TASK GOAL — Please retype the data below line for line and leave out every picture.

───── GIVEN DATA ─────

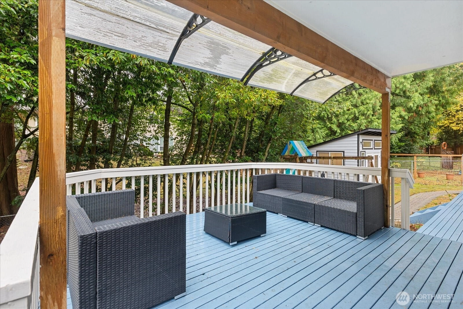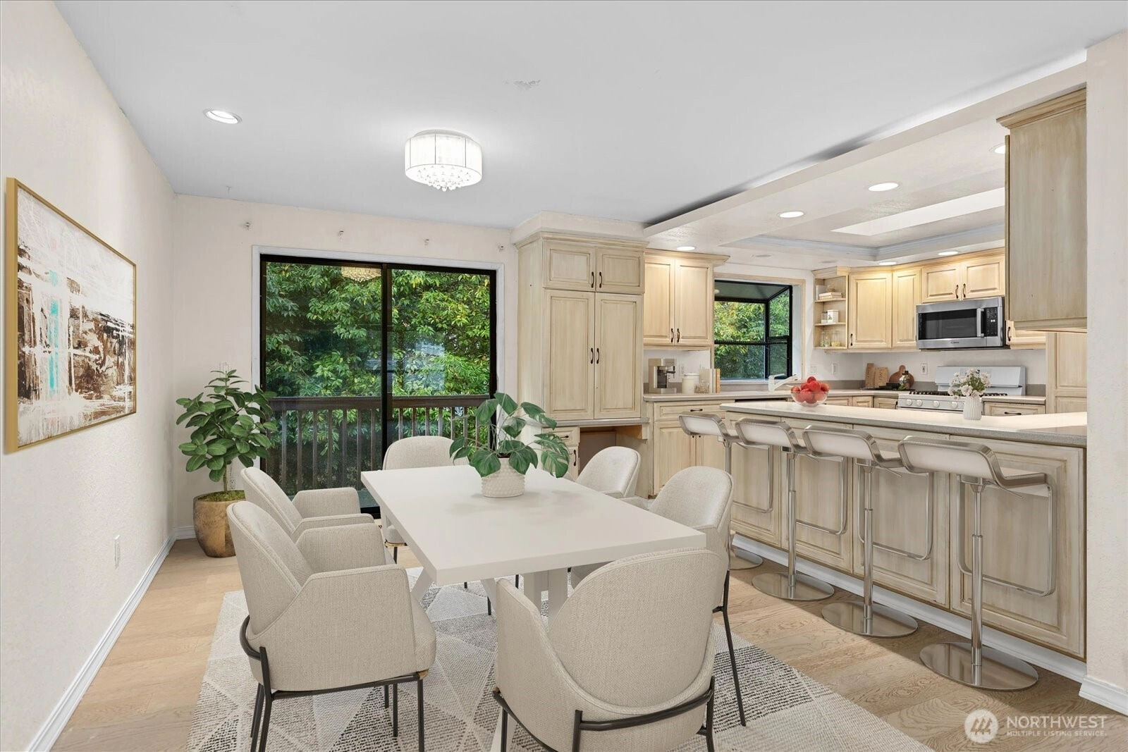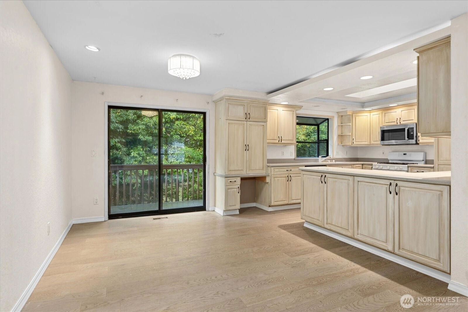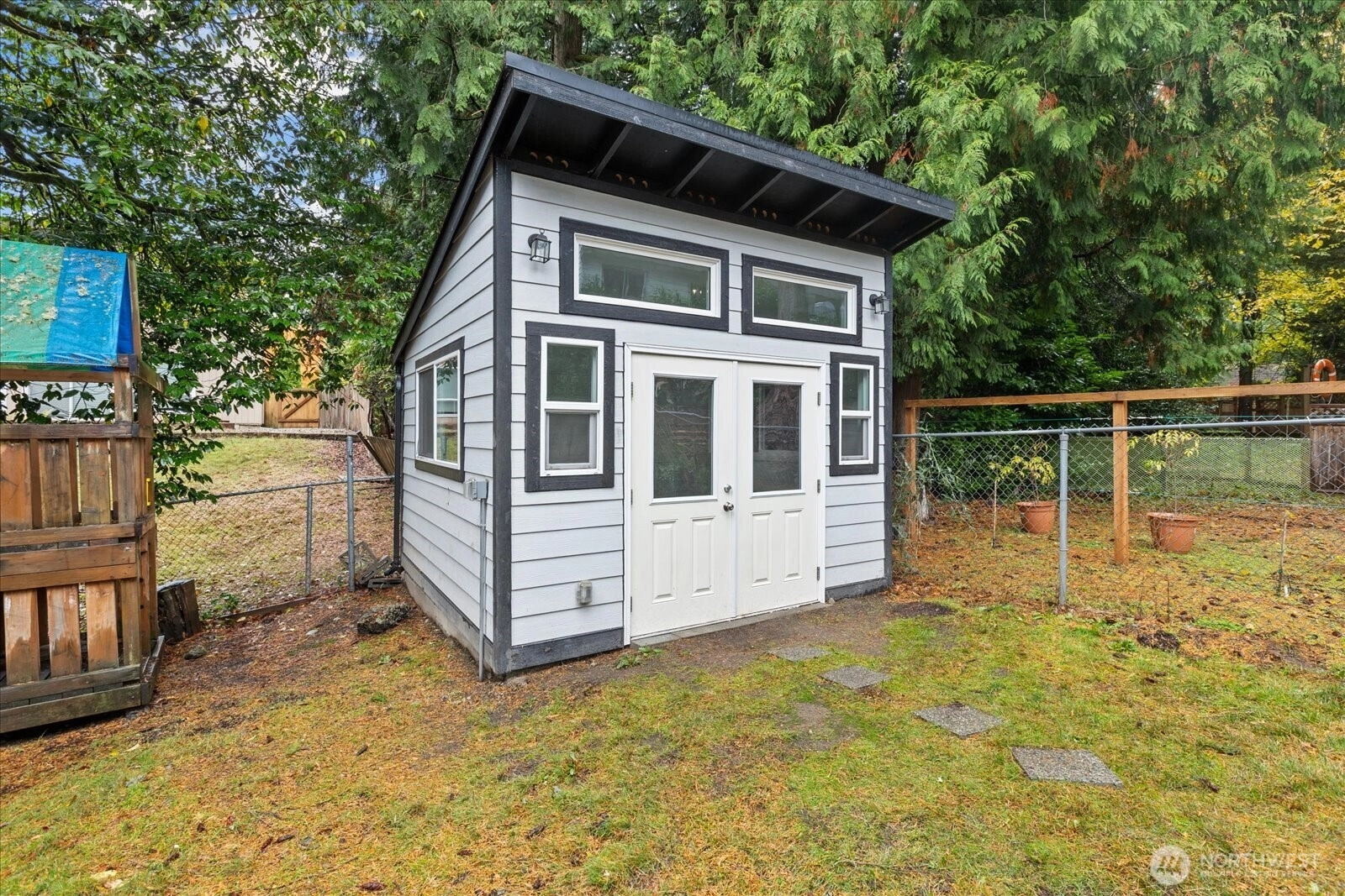 Rare opportunity in the sought-after Bridle Trails community! Bright, open great room with abundant natural light & spacious kitchen featuring gas range, sub-zero fridge, and eating bar. Lower level offers a separate entry, large family room, full bath, and second kitchen with slider to an entertainment-sized deck, ideal as an ADU for multi-generational living or rental income. Attached two-car garage with ample storage. Fully fenced backyard with storage shed and 12x12 insulated, heated office - perfect for WFH. Prime location on a quiet dead-end street, just steps to Taylor Fields Park and Bridle Trails State Park, and minutes to vibrant downtown Kirkland, Bellevue, and top-rated LWSD schools! One of the best neighborhoods in Kirkland!
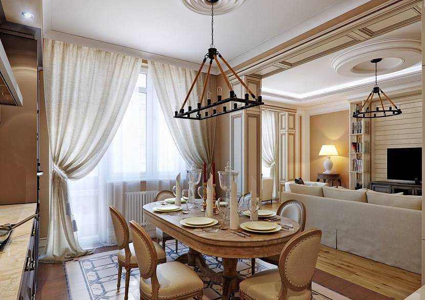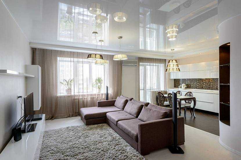 Оформление потолка чаще всего является цветовым продолжением стен, но есть и более современные варианты – комбинированные или двухуровневые потолки с ПВХ или сатиновыми полотнами. Глянцевое или фактурное покрытие гармонично дополнит кухонный гарнитур и обивку мягкой мебели в гостиной.
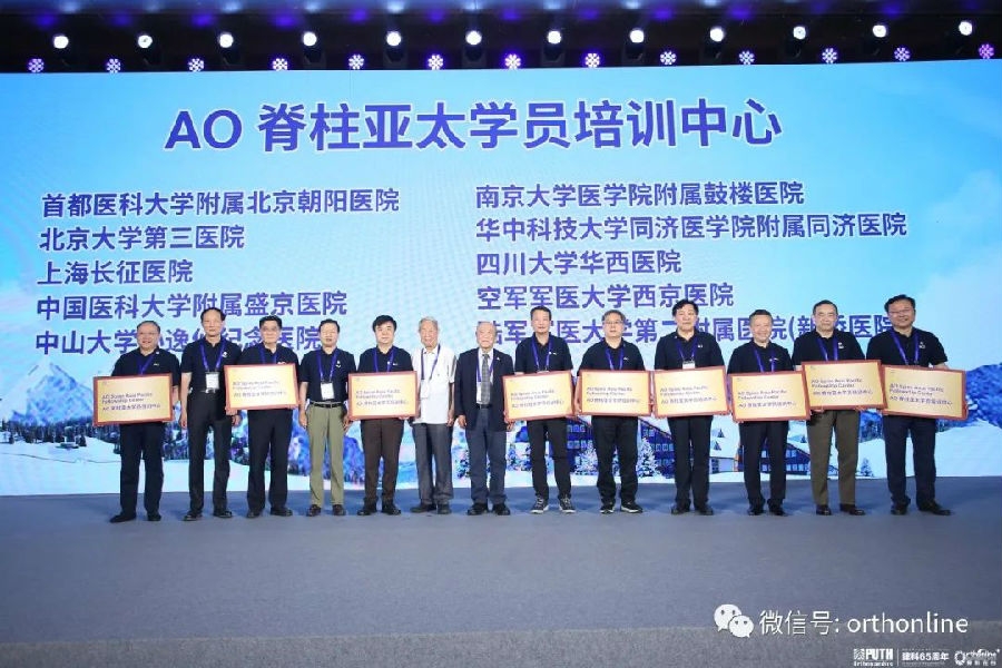 培训中心在AO Spine中国发展中起到了重要作用。为此,活动邀请党耕町、贾连顺、陈仲强、刘忠军共同为“AO脊柱亚太学员培训中心”授牌。十家培训中心为北京大学第三医院、海军军医大学第二附属医院、中山大学孙逸仙纪念医院、第四军医大学西京医院、南京鼓楼医院、陆军军医大学第二附属医院、首都医科大学附属北京朝阳医院、四川大学华西医院、中国医科大学附属盛京医院、华中科技大学医学院附属同济医院。十家培训中心代表李危石、袁文、黄东生、罗卓荆、邱勇、周跃、海涌、刘浩、王欢、李锋上台接牌。
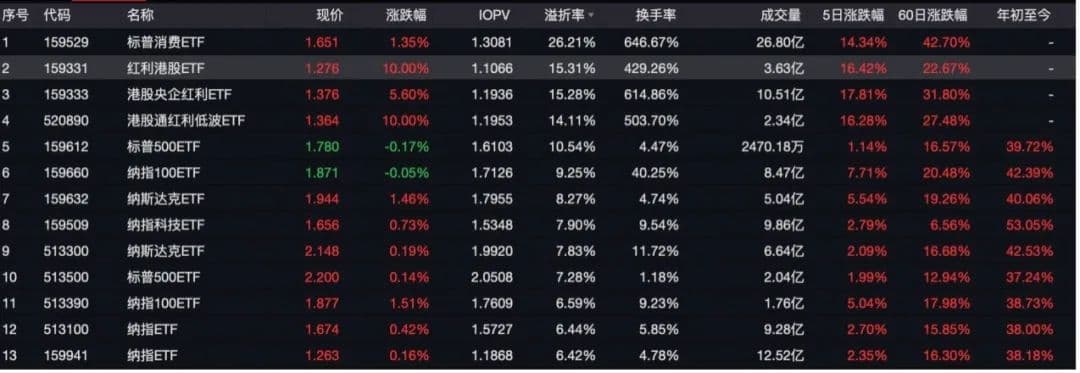 具体来看,标普消费ETF溢价最高,达26.21%,红利港股ETF、港股央企红利ETF、港股通红利低波ETF以及标普500ETF溢价率均超过10%;换手率方面,标普消费ETF换手率以646.67%居首,港股央企红利ETF换手率同样超过610%,港股通红利低波ETF换手率超5倍、港股红利低波、红利港股ETF换手率超4倍,中韩半导体ETF换手率也超过1倍。

─────

WRITTEN ANSWER —
 Rare opportunity in the sought-after Bridle Trails community! Bright, open great room with abundant natural light & spacious kitchen featuring gas range, sub-zero fridge, and eating bar. Lower level offers a separate entry, large family room, full bath, and second kitchen with slider to an entertainment-sized deck, ideal as an ADU for multi-generational living or rental income. Attached two-car garage with ample storage. Fully fenced backyard with storage shed and 12x12 insulated, heated office - perfect for WFH. Prime location on a quiet dead-end street, just steps to Taylor Fields Park and Bridle Trails State Park, and minutes to vibrant downtown Kirkland, Bellevue, and top-rated LWSD schools! One of the best neighborhoods in Kirkland!
 Оформление потолка чаще всего является цветовым продолжением стен, но есть и более современные варианты – комбинированные или двухуровневые потолки с ПВХ или сатиновыми полотнами. Глянцевое или фактурное покрытие гармонично дополнит кухонный гарнитур и обивку мягкой мебели в гостиной.
 培训中心在AO Spine中国发展中起到了重要作用。为此,活动邀请党耕町、贾连顺、陈仲强、刘忠军共同为“AO脊柱亚太学员培训中心”授牌。十家培训中心为北京大学第三医院、海军军医大学第二附属医院、中山大学孙逸仙纪念医院、第四军医大学西京医院、南京鼓楼医院、陆军军医大学第二附属医院、首都医科大学附属北京朝阳医院、四川大学华西医院、中国医科大学附属盛京医院、华中科技大学医学院附属同济医院。十家培训中心代表李危石、袁文、黄东生、罗卓荆、邱勇、周跃、海涌、刘浩、王欢、李锋上台接牌。
 具体来看,标普消费ETF溢价最高,达26.21%,红利港股ETF、港股央企红利ETF、港股通红利低波ETF以及标普500ETF溢价率均超过10%;换手率方面,标普消费ETF换手率以646.67%居首,港股央企红利ETF换手率同样超过610%,港股通红利低波ETF换手率超5倍、港股红利低波、红利港股ETF换手率超4倍,中韩半导体ETF换手率也超过1倍。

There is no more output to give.